- Problem statement -
Images are to be left out; everything else in the listing should be repeated exactly.

- Information shown -
*** Block opens ***
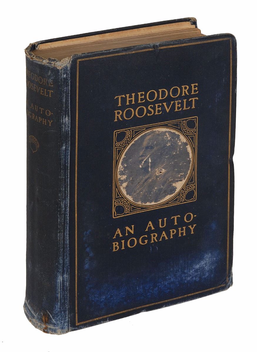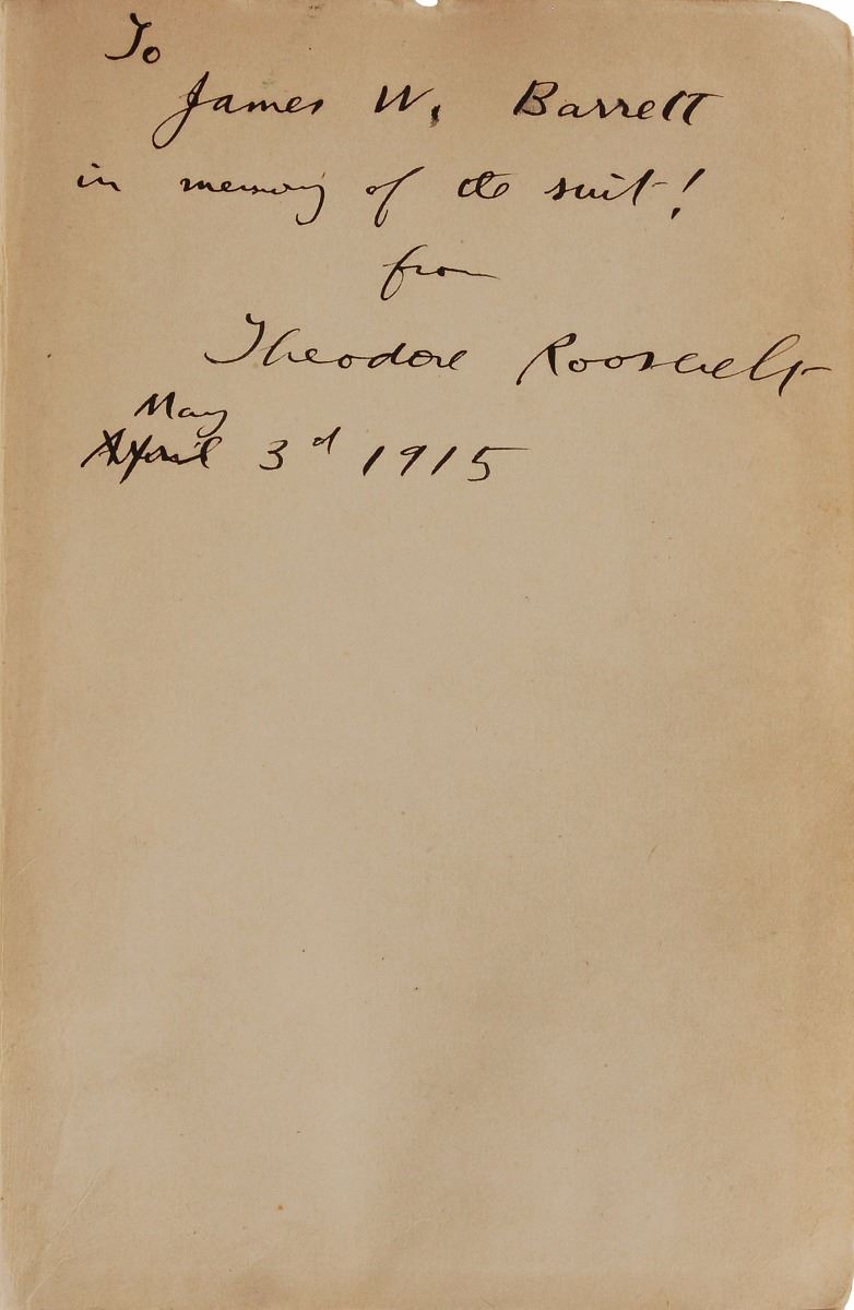 Signed book: Theodore Roosevelt: An Autobiography. First edition. NY: The Macmillan Company, 1913. Hardcover, 6.25 x 8.75, 647 pages. Boldly signed and inscribed on the first free end page in black ink, “To James W. Barrett, in memory of the suit! from Theodore Roosevelt, May 3d 1915.” Autographic condition: fine. Book condition: VG-/None, with edgewear, heavy rubbing to boards, and binding slightly loose.
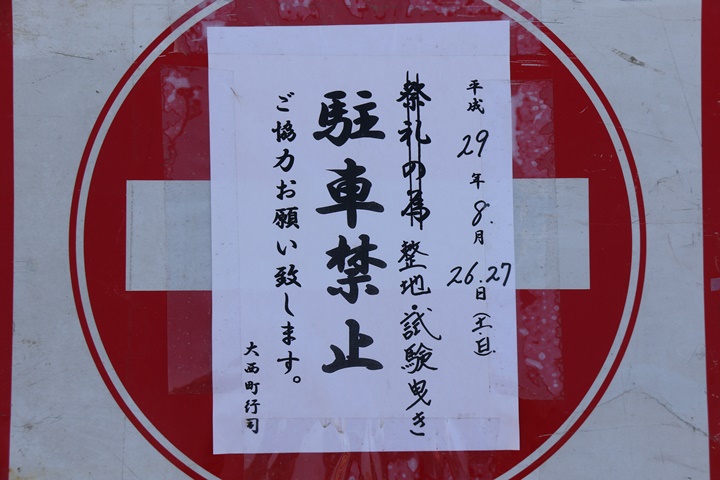 ![]() 川口建設と板谷工務店によって新調された駒、エエ感じでした。 特に板谷工務店の「楠+欅+楠」駒には驚愕しました。 でも試験曳きでも不具合なくエエ感じだったと思います。 いよいよ祭りシーズンインです、お互いエエ祭りを! 最後に今日はたくさんのビール、御馳走様でした。 毎度恒例、駐車禁止の貼り紙。 |
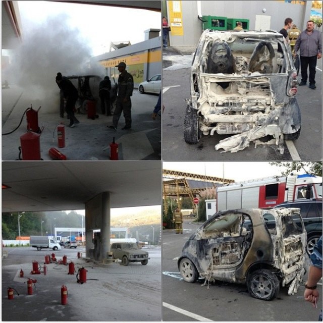 Вчера ехал в Дагомыс около 7 вечера, на территории заправки Роснефти горел Мерен, если правильно разглядел модель Smart. Огонь был метра три-четыре высотой. Пожарка была одна. Рыжая девчонка, хозяйка машины, судя по поведению ушла и не знала, что её машина успела сгореть.
*** Block closes ***
- Task response -
 Signed book: Theodore Roosevelt: An Autobiography. First edition. NY: The Macmillan Company, 1913. Hardcover, 6.25 x 8.75, 647 pages. Boldly signed and inscribed on the first free end page in black ink, “To James W. Barrett, in memory of the suit! from Theodore Roosevelt, May 3d 1915.” Autographic condition: fine. Book condition: VG-/None, with edgewear, heavy rubbing to boards, and binding slightly loose.
 ![]() 川口建設と板谷工務店によって新調された駒、エエ感じでした。 特に板谷工務店の「楠+欅+楠」駒には驚愕しました。 でも試験曳きでも不具合なくエエ感じだったと思います。 いよいよ祭りシーズンインです、お互いエエ祭りを! 最後に今日はたくさんのビール、御馳走様でした。 毎度恒例、駐車禁止の貼り紙。 |
 Вчера ехал в Дагомыс около 7 вечера, на территории заправки Роснефти горел Мерен, если правильно разглядел модель Smart. Огонь был метра три-четыре высотой. Пожарка была одна. Рыжая девчонка, хозяйка машины, судя по поведению ушла и не знала, что её машина успела сгореть.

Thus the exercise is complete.